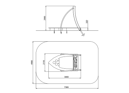 Универсальный комплекс состоит из двух изогнутых деревянных стоек, стенок и бортиков из HPL пластика. Элементы комплекса скомпанованы в виде лодочки. Все металлические элементы комплекса выполнены из нержавеющей стали. Деревянные стойки выполнены из тщательно отшлифованной древесины высочайшей прочности и окрашены высококачественным лаковым покрытием.
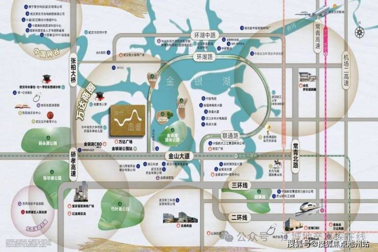 生态绿芯:拥一湖五园,紧邻金银湖,金银湖湿地公园、码头潭公园、武汉园博园、张毕湖公园、竹叶海公园环伺
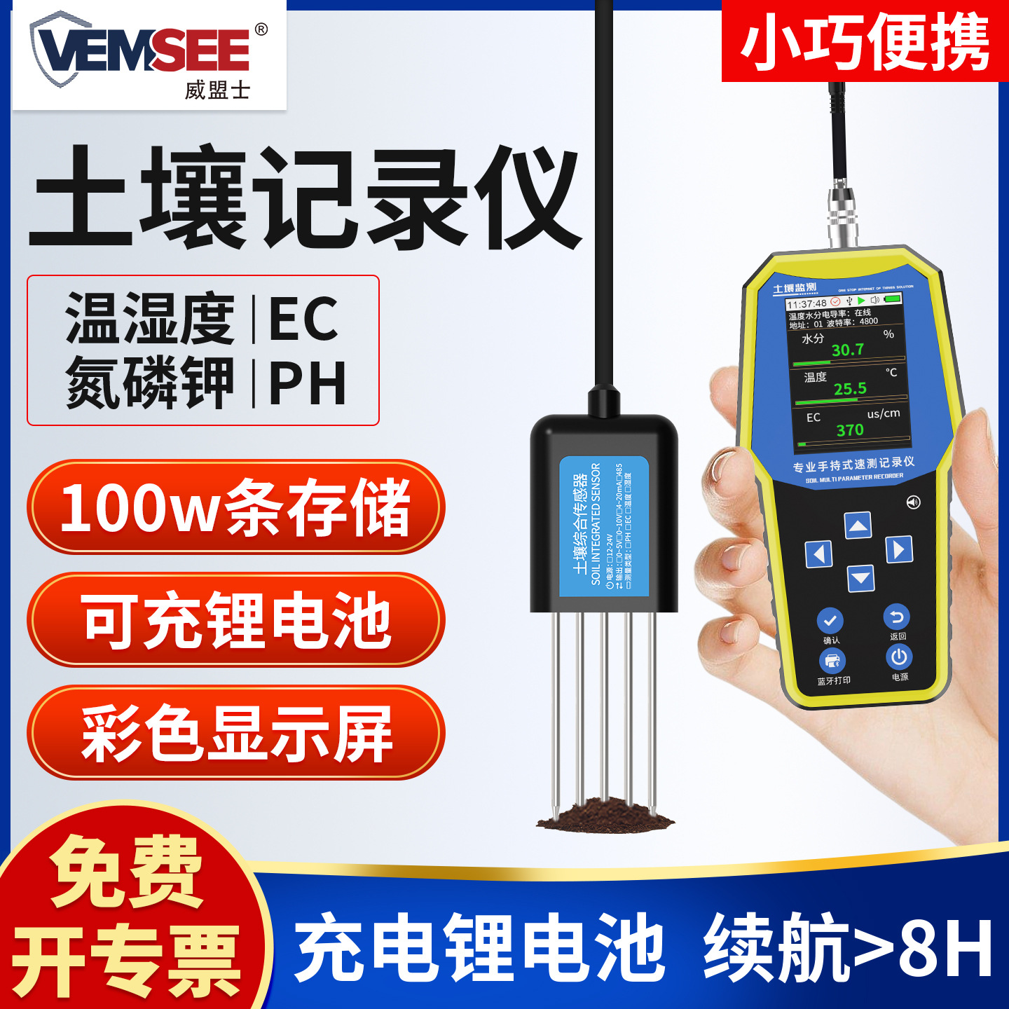 Детектор почвы тестер азот фосфор калий pH влажность проводимость регистратор питательных веществ датчик температуры и влажности
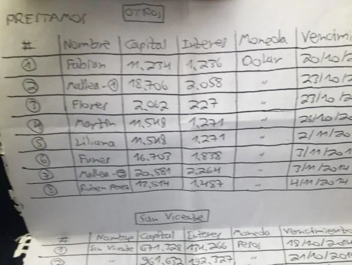 Una de las imágenes que se difundieron en las últimas horas confirma esa última hipótesis. En una libreta, figuran los nombre de pila de personas a las que les había prestado dinero, los intereses, la moneda y el plazo de devolución. En sólo una hoja de ese cuaderno, la cifra superaba los 100.000 dólares. En otra, Gil Pereg anotó préstamos en pesos en la ciudad bonaerense de San Vicente.
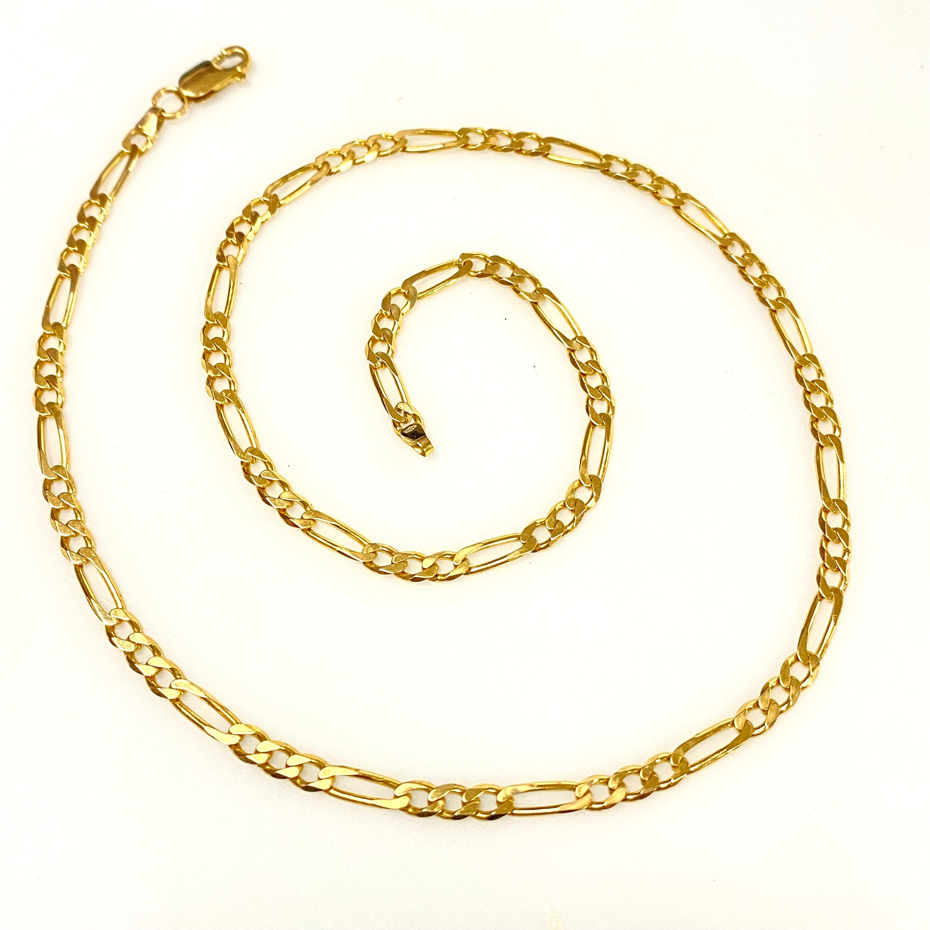 u972 Vintage 14K Yellow Gold Figaro Style Chain Necklace 18" Long
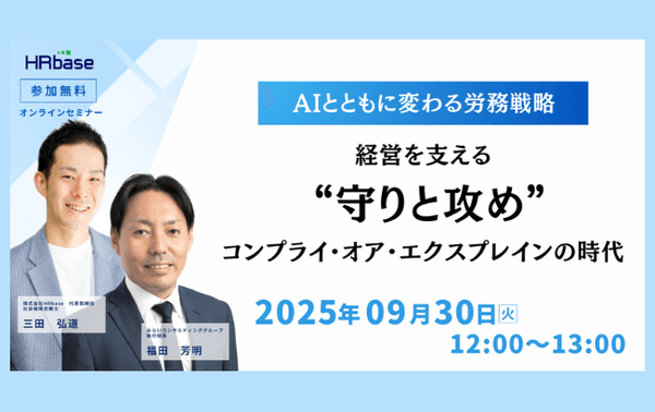 みらいコンサルティンググループ(本社:東京都中央区、代表:久保 光雄 岡⽥ 烈司)は、2025年9月30日にセミナー『AIとともに変わる労務戦略 経営を支える“守りと攻め”とコンプライ・オア・エクスプレインの時代』をWEBにて開催します。
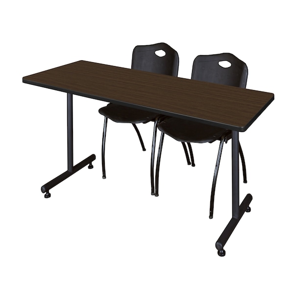 Kobe T-Base Training Seminar Table W/ 2 M Stack Chairs, 66 in W, 30 in L, Neo Walnut
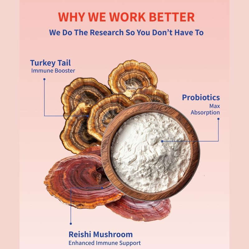 - 3-in-1 Wellness Dog Vitamins - You Won’t Find Elsewhere – Not just Turkey Tail. We added Reishi mushroom for vitality and probiotics for gut health—because a strong immune system starts in the gut. Competitors stop at mushrooms. We go further.
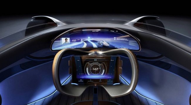 Футуристическим можно назвать не только внешний облик автомобиля, но и его интерьер. Водитель окружен панорамным дисплеем, на котором в 3D-формате отображается окружающая местность. Он предназначен для игр в виртуальные гонки и показывает на дороге полосы для беспроводной зарядки.
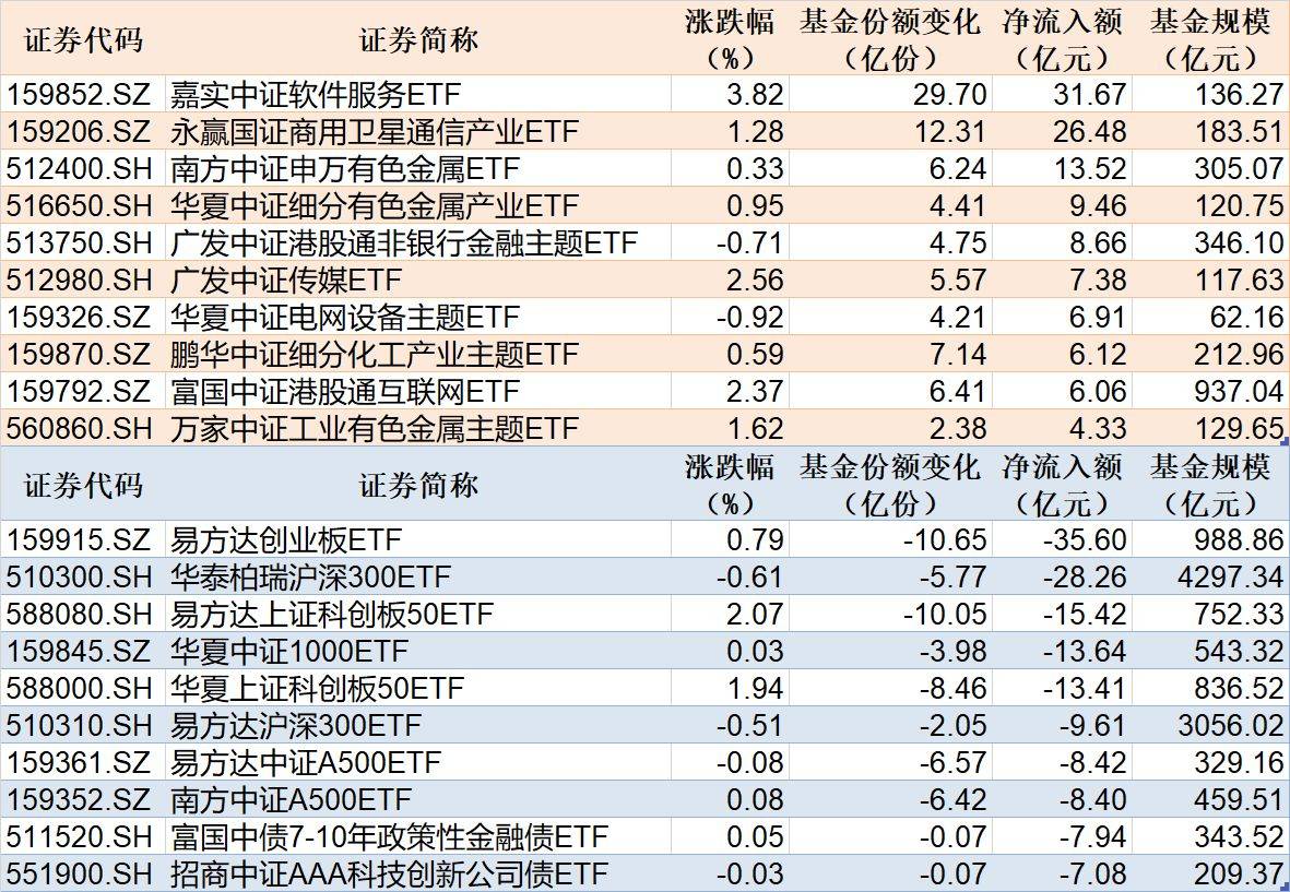 Wind数据显示,在1月14日的非货币ETF市场中,嘉实中证软件服务ETF基金份额增加29.70亿份,净流入额31.67亿元;永赢国证商用卫星通信产业ETF基金份额增加12.31亿份,净流入额26.48亿元;南方中证申万有色金属ETF基金份额增加6.24亿份,净流入额13.52亿元。
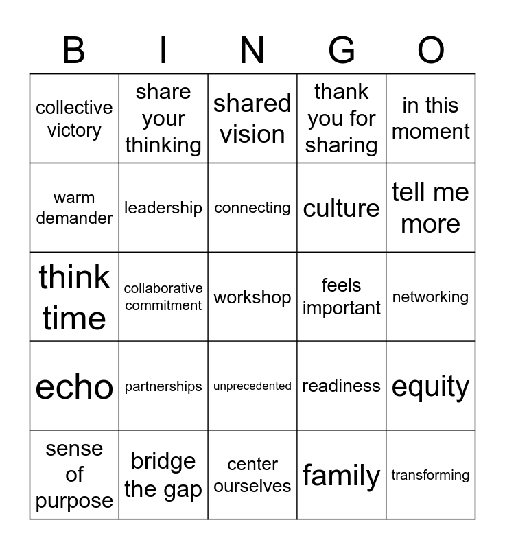 This bingo card has 25 words: partnerships, center ourselves, connecting, sense of purpose, in this moment, collective victory, warm demander, share your thinking, feels important, unprecedented, culture, think time, readiness, equity, leadership, transforming, networking, shared vision, tell me more, collaborative commitment, workshop, bridge the gap, echo, thank you for sharing and family.
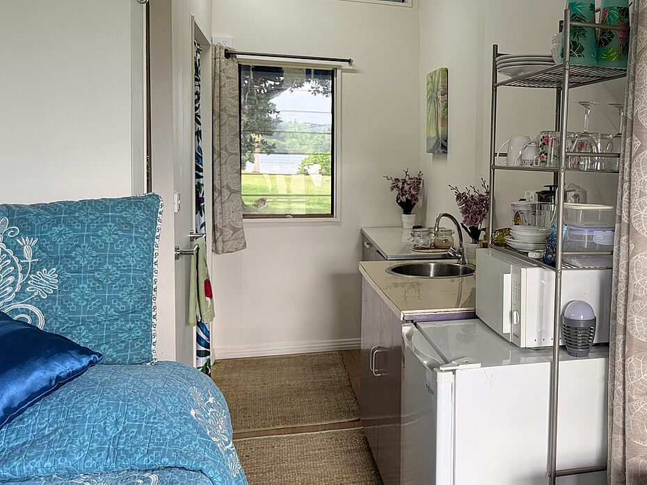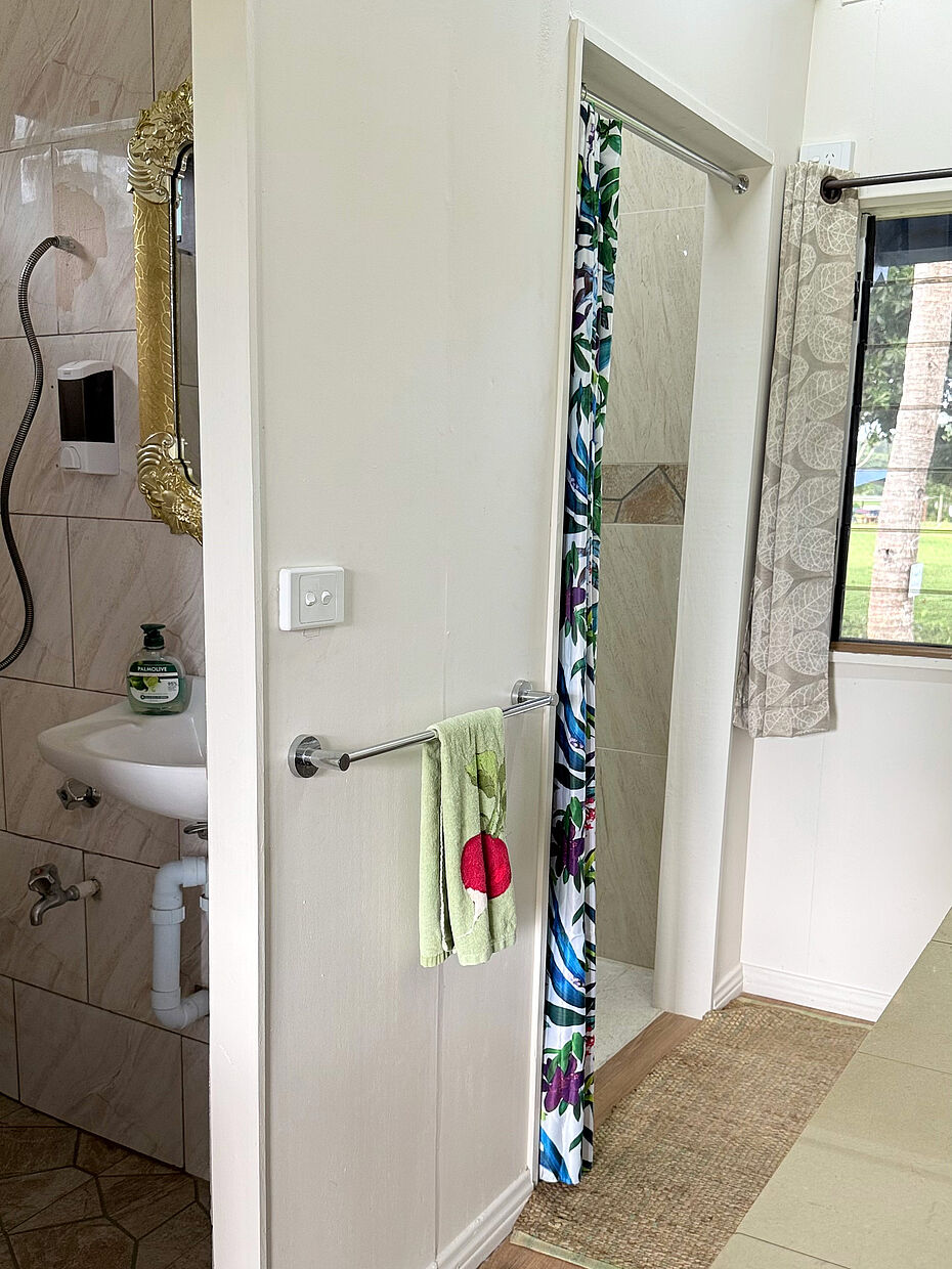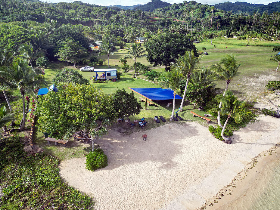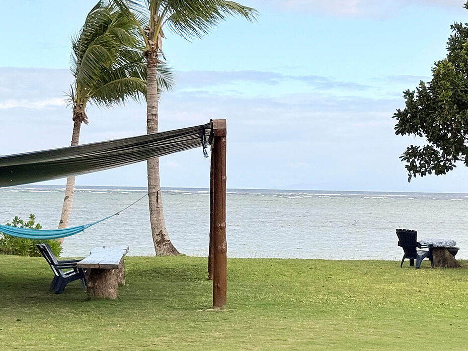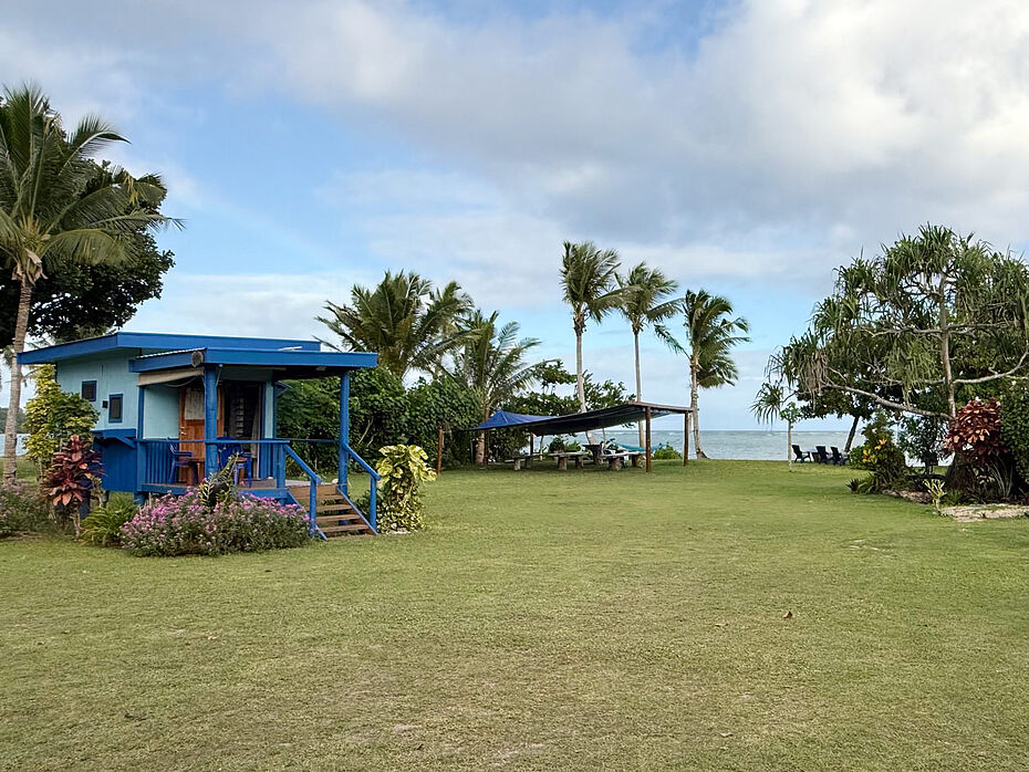 This charming (and very small) bungalow is the closest accommodation to the beach at Sigasiga Sands— perfect for those who want to stay steps from the shore. Though compact, the cozy room features a double-size foam mattress bed and a well-supplied kitchenette for preparing simple meals. The bathroom includes a toilet, vanity, and a separate large walk-in shower, with an additional outdoor shower nearby for rinsing off after a swim or snorkel. The covered deck, complete with roll-up shades with 80% shade and wind protection and offers a stunning ocean view — an ideal spot to relax and enjoy the tropical breeze. There are raintree slice varnished tables and chairs with a large canopy offering all Guests beachside lounge comfort.

────────────────────────────────────────

▸ **The problem**:
Please retype exactly the lines from the one containing "- 3-in-1 Wellness" to the last line of the records above, both included, without any pictures.

▸ **Exercise answer**:
 - 3-in-1 Wellness Dog Vitamins - You Won’t Find Elsewhere – Not just Turkey Tail. We added Reishi mushroom for vitality and probiotics for gut health—because a strong immune system starts in the gut. Competitors stop at mushrooms. We go further.
 Футуристическим можно назвать не только внешний облик автомобиля, но и его интерьер. Водитель окружен панорамным дисплеем, на котором в 3D-формате отображается окружающая местность. Он предназначен для игр в виртуальные гонки и показывает на дороге полосы для беспроводной зарядки.
 Wind数据显示,在1月14日的非货币ETF市场中,嘉实中证软件服务ETF基金份额增加29.70亿份,净流入额31.67亿元;永赢国证商用卫星通信产业ETF基金份额增加12.31亿份,净流入额26.48亿元;南方中证申万有色金属ETF基金份额增加6.24亿份,净流入额13.52亿元。
 This bingo card has 25 words: partnerships, center ourselves, connecting, sense of purpose, in this moment, collective victory, warm demander, share your thinking, feels important, unprecedented, culture, think time, readiness, equity, leadership, transforming, networking, shared vision, tell me more, collaborative commitment, workshop, bridge the gap, echo, thank you for sharing and family.
 This charming (and very small) bungalow is the closest accommodation to the beach at Sigasiga Sands— perfect for those who want to stay steps from the shore. Though compact, the cozy room features a double-size foam mattress bed and a well-supplied kitchenette for preparing simple meals. The bathroom includes a toilet, vanity, and a separate large walk-in shower, with an additional outdoor shower nearby for rinsing off after a swim or snorkel. The covered deck, complete with roll-up shades with 80% shade and wind protection and offers a stunning ocean view — an ideal spot to relax and enjoy the tropical breeze. There are raintree slice varnished tables and chairs with a large canopy offering all Guests beachside lounge comfort.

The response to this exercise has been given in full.